Note d’information sur la jurisprudence de la Cour 5
Avril 1999
Bellet c. France (déc.) - 40906/98, 40832/98 et 40833/98
Décision 27.4.1999 [Section III]
Article 1 du Protocole n° 1
Article 1 al. 1 du Protocole n° 1
Biens
Non-cumul des pensions française et monégasque, de fonctionnaires français détachés à Monaco: irrecevable
[Ce résumé concerne également les décisions suivantes du 27 avril 1999: Huertas c. France (n° 40833/98), Viallate c. France (n° 40906/98).]
Les trois requérants sont des fonctionnaires français ayant été détachés pour occuper des emplois dans la principauté de Monaco. En qualité de fonctionnaires français, ils cotisèrent à une pension civile de retraite française. Cependant, ils durent également cotiser au cours de leur détachement à Monaco à une pension complémentaire, conformément à la législation monégasque. Elle leur fut donc servie dès leur mise à la retraite, en plus de la pension de retraite française (hormis pour le deuxième requérant pour qui le montant de la pension française fut suspendu à concurrence du montant de la pension monégasque jusqu’à ce qu’il renonce à cette dernière). Les autorités françaises les avertirent du fait qu’ils ne pouvaient cumuler les deux pensions, et ce en vertu de la législation française en vigueur.

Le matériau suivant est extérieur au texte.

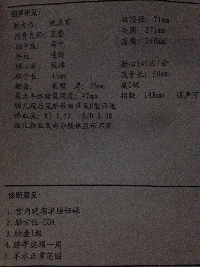 从此次b超检查结果看,胎儿的发育符合孕周的表现,胎位正常,胎心率和羊水量在正常范围内,胎盘附着位置正常;但存在脐带绕颈的现象。建议每日坚持数胎动,定期检查。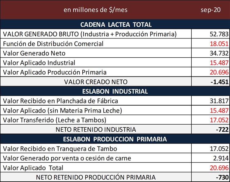 Luego de 16 meses consecutivos con resultados positivos, septiembre es el tercer mes que presenta un resultado negativo en la cadena de valor. El balance sectorial muestra un resultado negativo de $ 1.451 millones, aproximadamente $ 1,40 por litro de leche equivalente. Comparado con igual mes del año pasado el resultado se deteriora en $ 2.540 millones, ya que para él mes analizado el valor del año pasado fue positivo en $ 1.089 millones.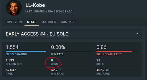 Szintén. Tegyük hozzá hogy ez nagyjából csak FPP-ben értelmezhető, mert TPP-ben hiába játszanál jól ha egy egész meccsen a fűben fekvő paraszt leszed mikor healelnél egy fight után. Jobb esetben hack / cheat nélkül szed le.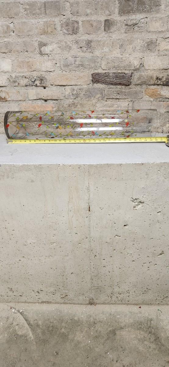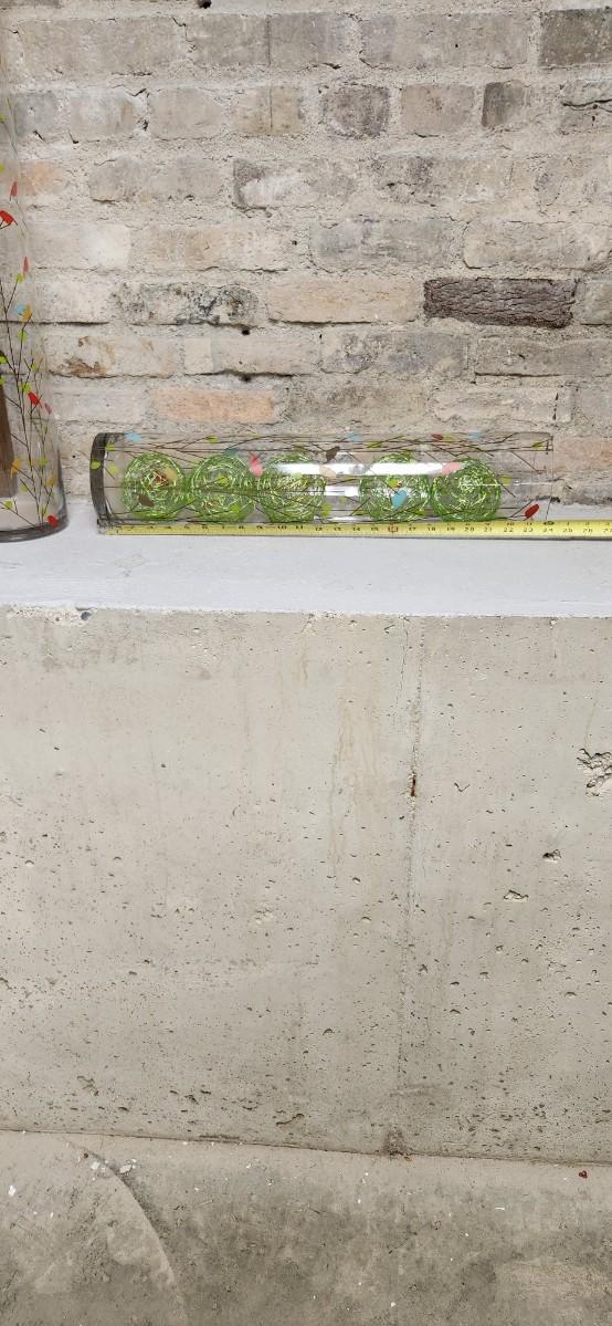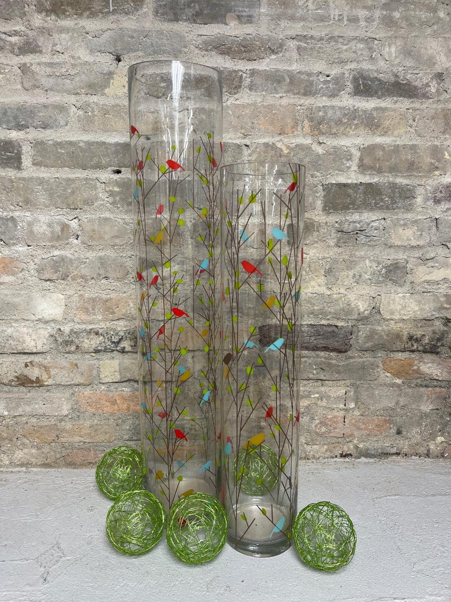 Pair of painted glass vases 30” and 24” tall, and six lime green decorative wire balls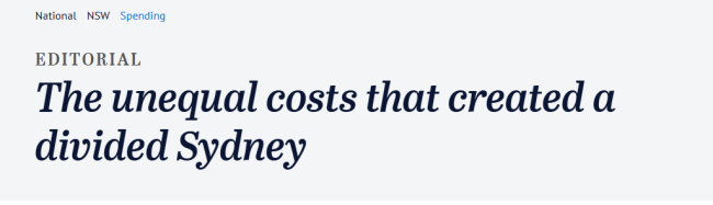 据澳洲媒体 The Sydney Morning Herald 报道,悉尼正在被“财富分界线”切开: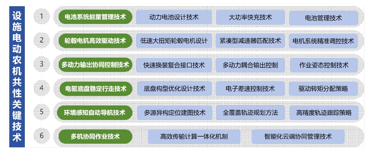 随着中国设施农业规模的不断扩大,电动农机的研究与应用已成为农业领域的热点,机械化与智能化成为现代设施农业发展的重要趋势。本研究旨在对设施电动农机装备进行综合梳理,分析其技术特点、应用领域及研究进展,并针对当前发展中的短板提出改进建议,以推动中国设施电动农机装备的进一步发展与产业完善。本研究通过综述现有研究成果,系统剖析智能化设施电动农机装备的生产体系,重点探讨电池系统能量管理技术、轮毂电机高效驱动技术、多动力输出协同控制技术、电驱底盘稳定行走技术、环境感知自动导航技术以及多机协同作业技术等6项关键共性技术。同时结合当前在动力电池、电驱系统、环境感知、姿态控制等方面的发展短板,提出优化方向。研究表明,设施电动农机装备通过自动化和智能化技术,能够高效执行种植、收获、喷药、施肥、除草等多项任务,显著提升了农业生产的效率、准确性和可持续性。然而在动力电池续航能力、电驱系统稳定性、环境感知精度及姿态控制等方面仍存在技术瓶颈,制约了其进一步推广应用。为加快中国设施电动农机装备的发展与产业完善,本研究从农机农艺融合、产学研用一体化、多学科交叉融合、共性关键技术突破、基础配套设施建设及标准体系构建等角度提出建议。未来研究应聚焦于技术短板,推动多领域协同创新,以实现设施电动农机装备的全面升级与广泛应用。
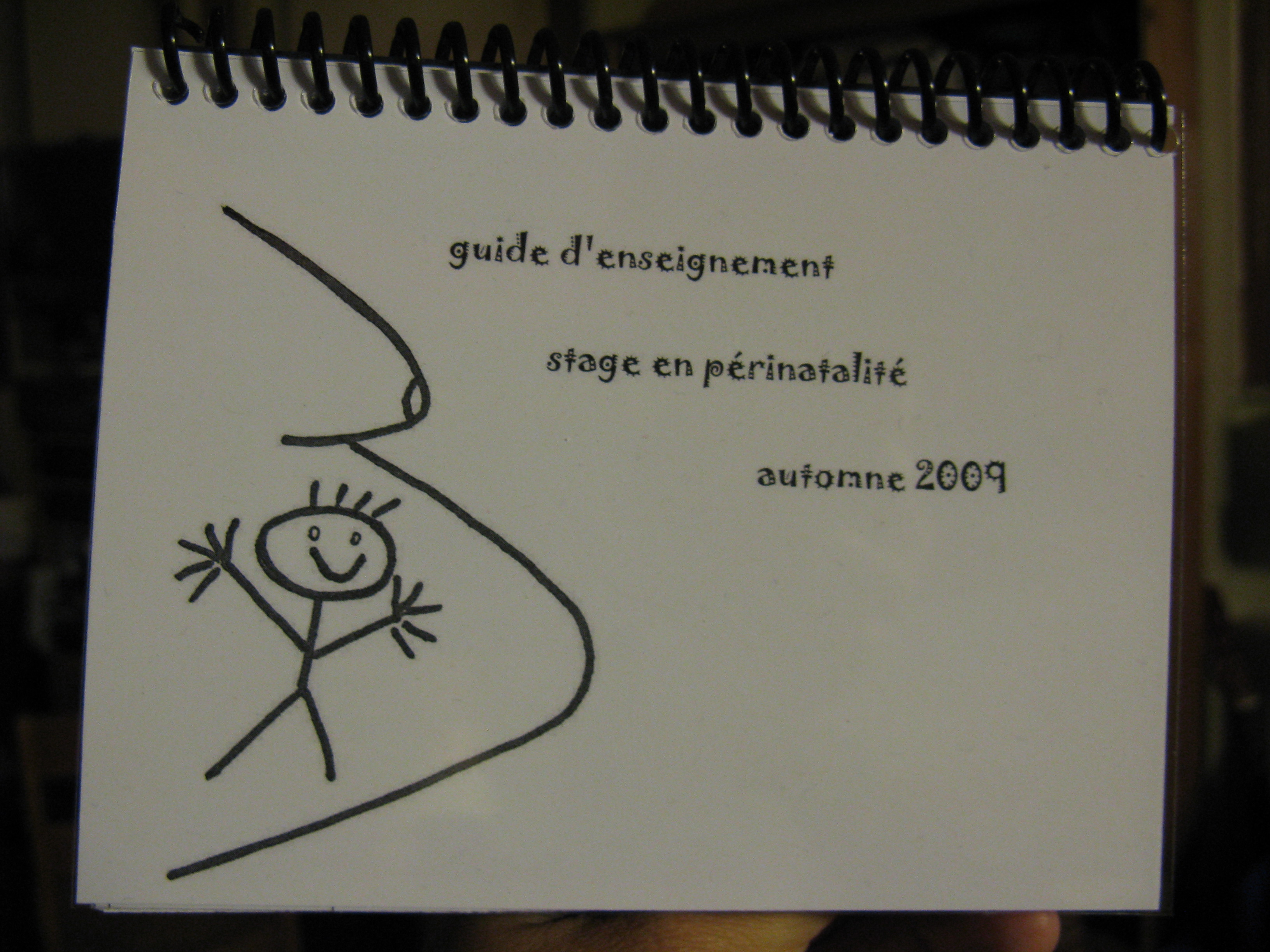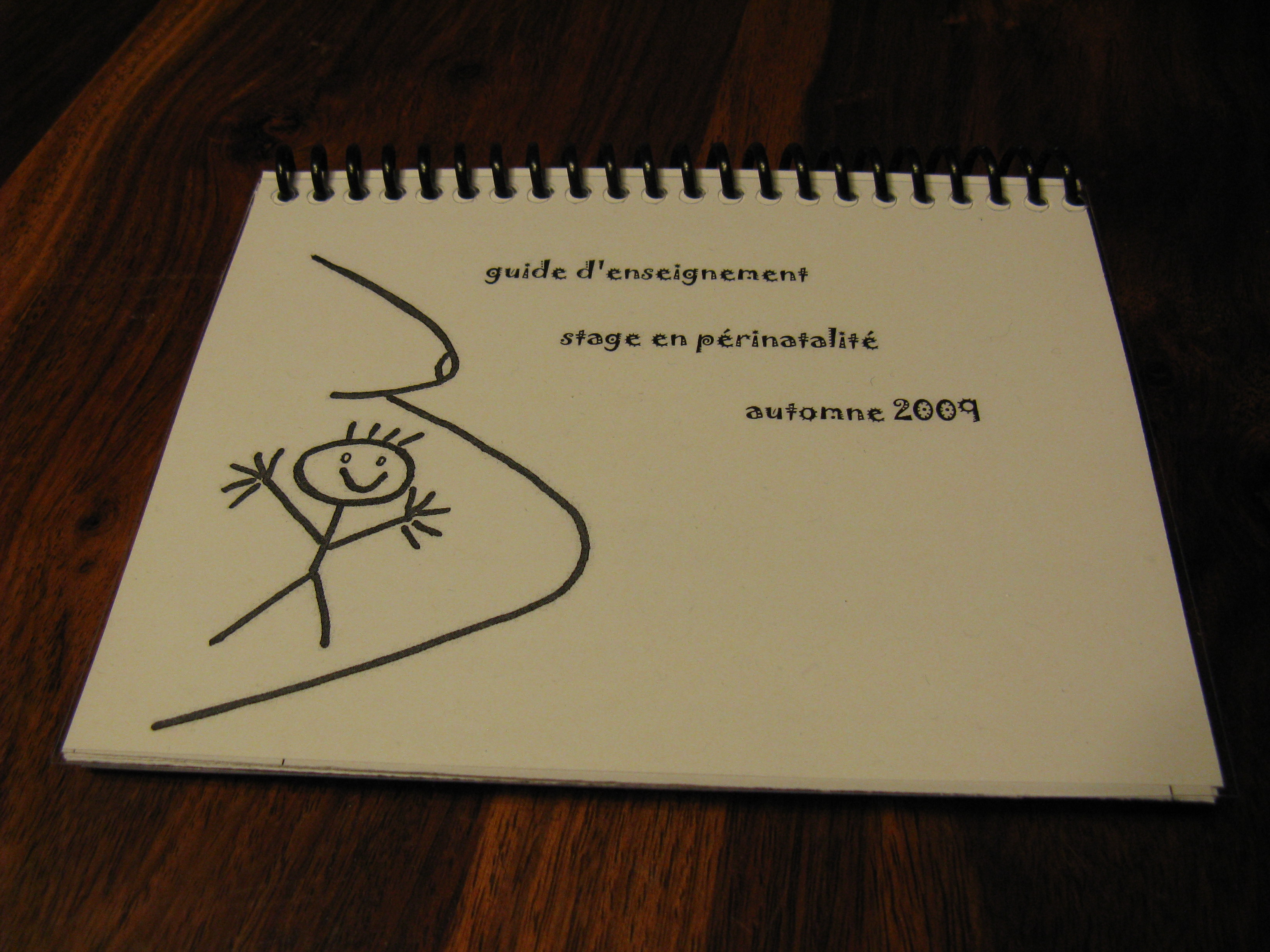 Le voici d’ailleurs, ce guide. Alors conseil aux futures étudiante en périnatalité: décidez et mettez au point la mise en page AVANT la rédaction du guide car vous pourriez vous retrouver à devoir faire un colossal travail de transcription pour essayer de faire fitter tout le contenu dans des quarts de page de 81/2 x11. J’ai passé une vingtaine d’heures à retranscrire toutes les informations, et Martin a passé plusieurs heures à effectuer la mise en page, imprimer et couper les guides. Nous les avons fait relier à la coop du cégep. 2,50$ par guide. Trois sur sept n’étaient pas bien reliés, il a fallu les réimprimer, les recouper et les refaire relier, gratuitement mais quand même, délai supplémentaire.

Irrecevable sous l’angle de l’article 1 Protocole n° 1: La Commission avait de façon constante considéré que, si aucun droit à l’octroi d’une pension n’est, en tant que tel, garanti par la Convention, les contributions obligatoires à une caisse de retraite peuvent engendrer, dans certains cas, un droit de propriété sur une partie des fonds. Encore faut-il pour qu’un tel droit prenne naissance que l’intéressé remplisse les conditions fixées par le droit interne. En l’espèce, la législation en vigueur prévoit très clairement que les fonctionnaires détachés à l’étranger ne peuvent, sauf exceptions ne s’appliquant pas aux présents requérants, être affiliés au régime de retraite dont relève la fonction de détachement, ni acquérir, à ce titre, de droits quelconques à une pension, quelles que soient les positions qu’ils ont occupées au cours de leur carrière. En outre, si les autorités françaises ont toléré, pendant plusieurs années, le cumul des deux pensions, cette tolérance n’a point fait naître de droit protégé par le présent article: manifestement mal fondée.
© Conseil de l’Europe/Cour européenne des droits de l’homme
Rédigé par le greffe, ce résumé ne lie pas la Cour.